The analysts performed a Phase 3 Significance Determination Process risk analysis using a modified version of the Fort Calhoun Station at-power Standardized Probabilistic Analysis Risk model, Version 8.15. The analysts developed an event tree specific to a loss of reactor coolant system inventory outside containment with the reactor in a shutdown condition. The Region IV senior reactor analyst quantified the risk of the event as a conditional core damage probability of 3.0 x 10-7. The dominant core damage sequence from the model involved the following events:

  • Control room operators diagnose that a loss of inventory is occurring before the shutdown cooling system fails from cavitation;
  • Operators fail to isolate the loss of inventory before the shutdown cooling system fails from cavitation;
  • Operators fail to provide forced feed to the reactor before the shutdown cooling system fails from cavitation;
  • The operating train of shutdown cooling fails from cavitation as level drops below the middle of the primary system hot leg;
  • Operators fail to provide forced feed to the reactor after shutdown cooling has failed; and
  • The reactor core heats up, causing water to boil, resulting in uncovering the active fuel and the onset of fuel damage.
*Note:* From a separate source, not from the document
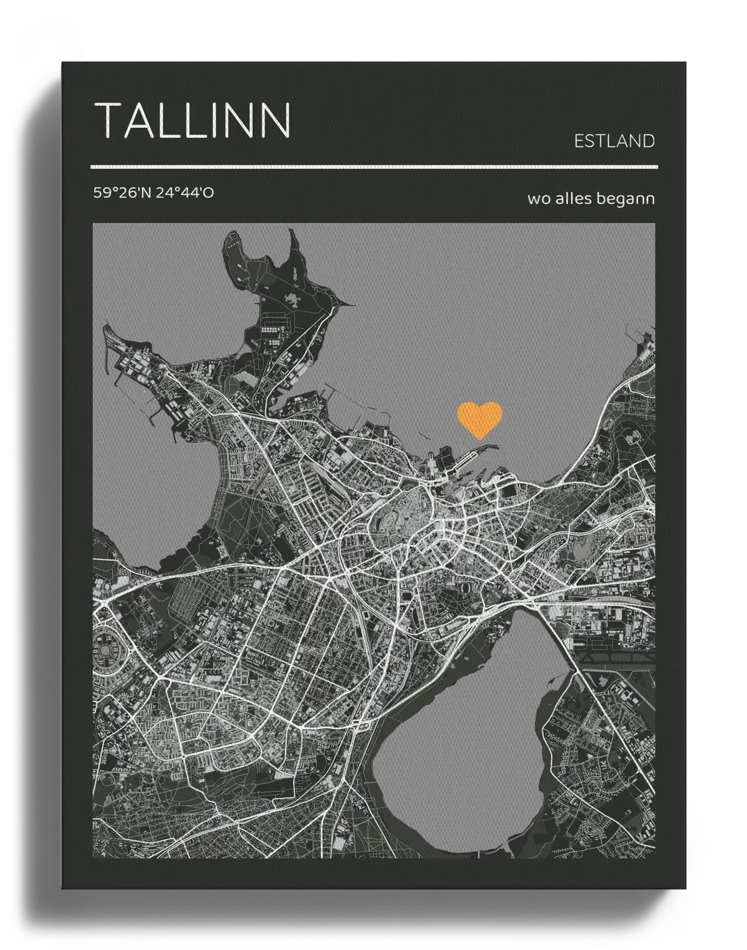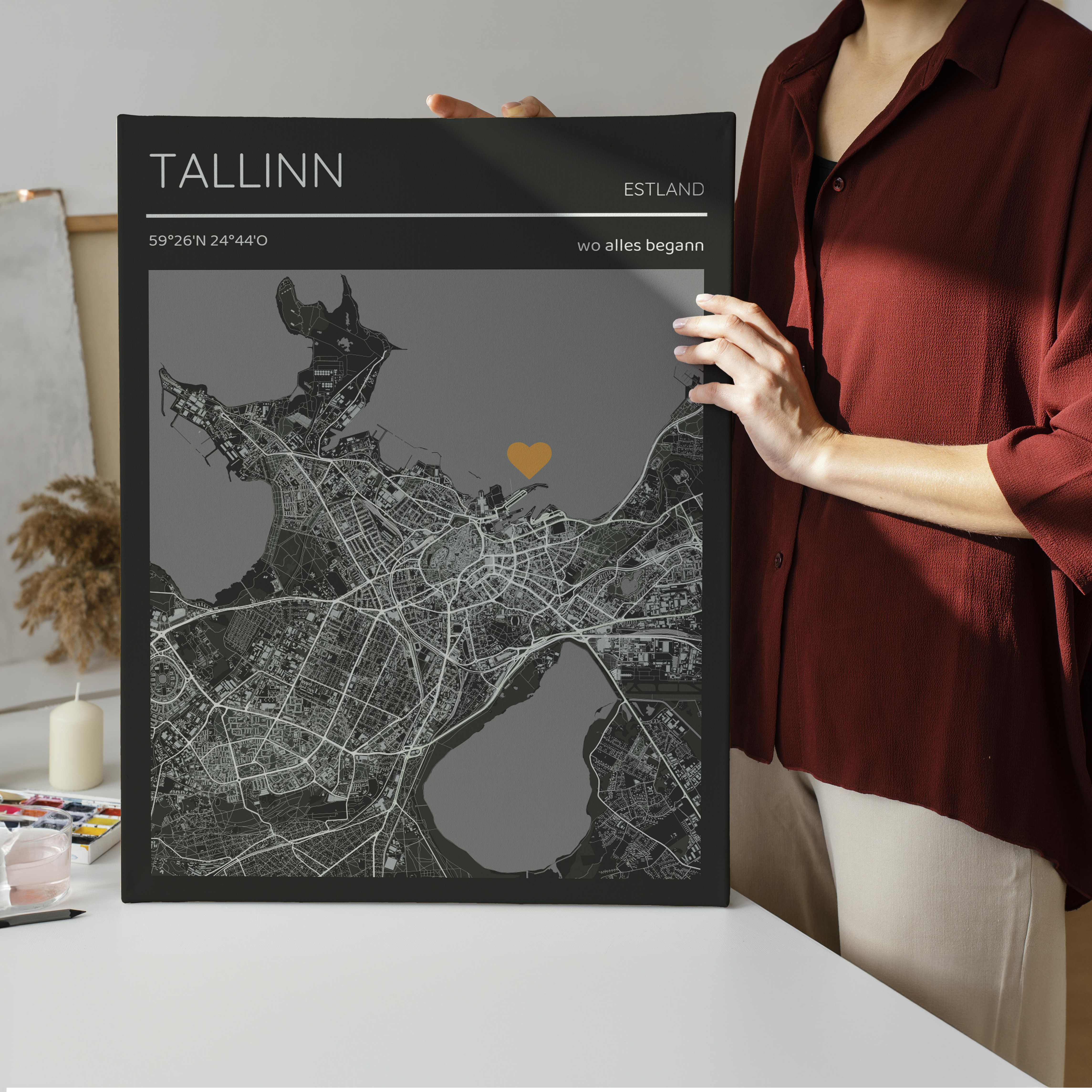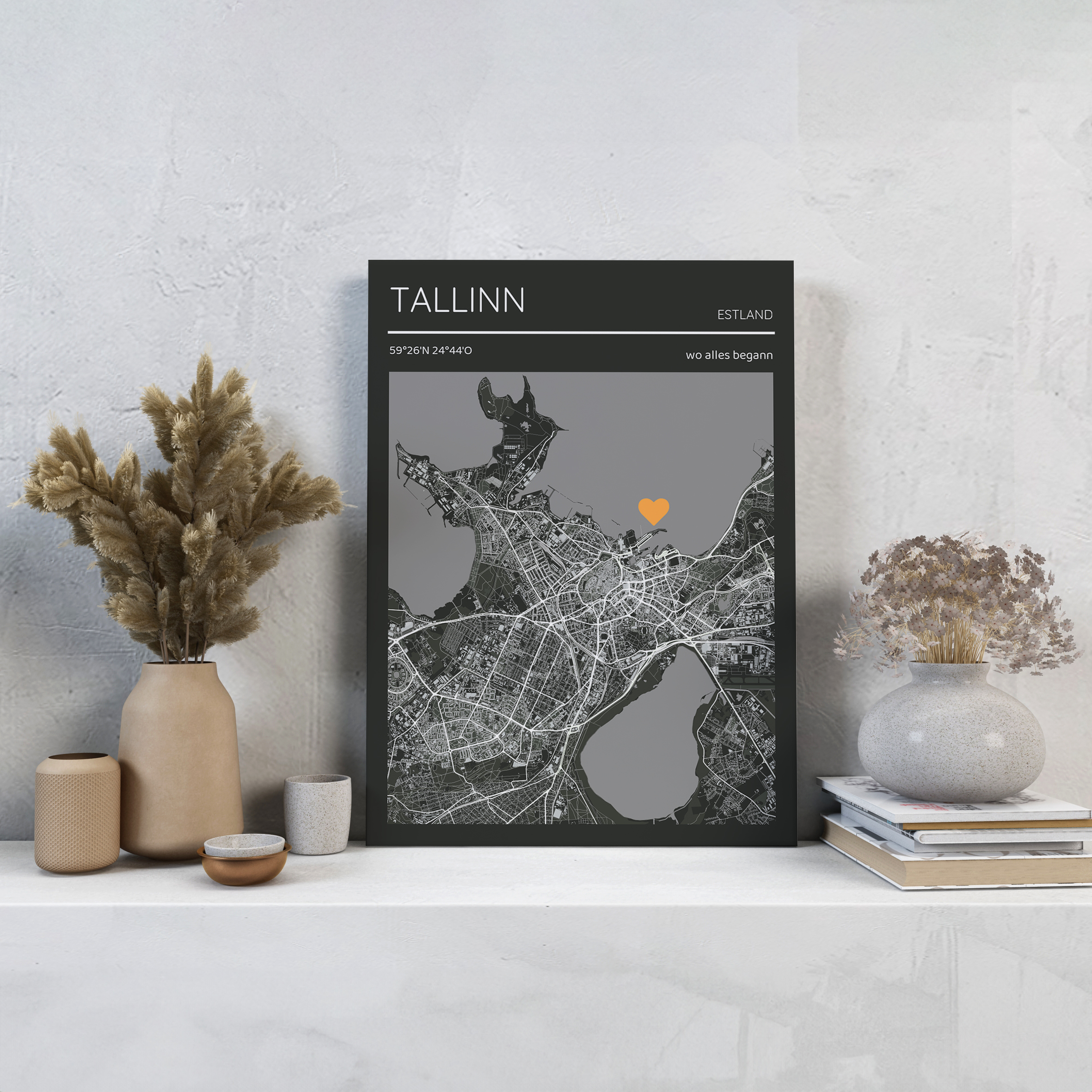 Celebra il vostro momento speciale con mappa di Tallinn in stile rivista!

These events were all the result of operator actions. As documented in NUREG/CR-6883, The SPAR-H Human Reliability Analysis Method, the more time available to a crew to diagnose and act upon an abnormal event the less likely they are to fail in a given task. Because the leak path was sufficiently small (90 gpm) and the amount of water sufficiently large (31,000 gallons), there was additional time for operators to take the actions documented above. As such, the probability of failure for these actions was lower than they would have been with a higher leak rate.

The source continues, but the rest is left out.